# [SOURCE DATA]
↓
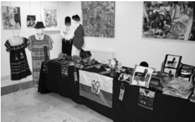
Jantziak, musika instrumentuak, giltziak, poltxak... aurki daitezke Ekuadorreko mahaiairen gainean. A. IMAZ
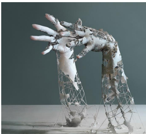
Obr. 14 Fragment of Long Term Memory 1

V Yuichiho tvorbě můžeme nalézt fotografie krajin, stejně tak jako autoportréty na nichž se autor natírá na bílo. Snaží se ukázat velmi důvěrné spojení fiktivního, skutečného a fakt, že hranice mezi těmito dvěma světy není vždy úplně jasná. Realita je pro Ikehata klíčem k neskutečnému a naopak. 10
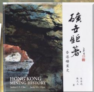
筆者著作《礦世鉅著》，紀錄了香港的礦業歷史。
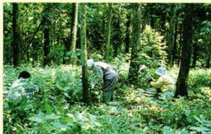
「親実習」我が子を支え、 共に歩む白髪のちはは — 山に分け入ってのドクダミ採り —
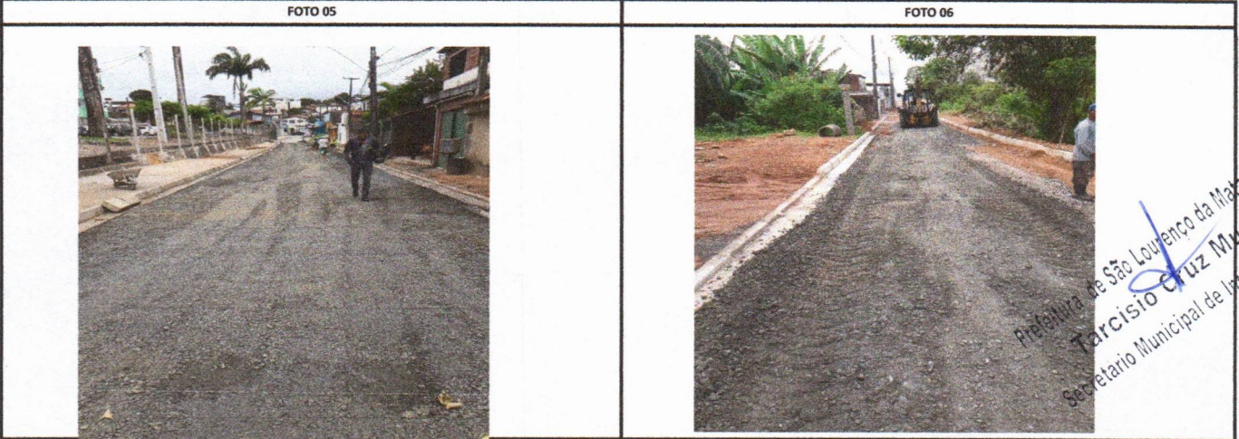
RUA CAROLINE BORBA DE LIMA
↑
# [PROBLEM REQUIREMENTS]
Could you transcribe all of the data exactly and omit the pictures?

# [SOLUTION FOR THIS PROBLEM]
Jantziak, musika instrumentuak, giltziak, poltxak... aurki daitezke Ekuadorreko mahaiairen gainean. A. IMAZ
Obr. 14 Fragment of Long Term Memory 1

V Yuichiho tvorbě můžeme nalézt fotografie krajin, stejně tak jako autoportréty na nichž se autor natírá na bílo. Snaží se ukázat velmi důvěrné spojení fiktivního, skutečného a fakt, že hranice mezi těmito dvěma světy není vždy úplně jasná. Realita je pro Ikehata klíčem k neskutečnému a naopak. 10
筆者著作《礦世鉅著》，紀錄了香港的礦業歷史。
「親実習」我が子を支え、 共に歩む白髪のちはは — 山に分け入ってのドクダミ採り —
RUA CAROLINE BORBA DE LIMA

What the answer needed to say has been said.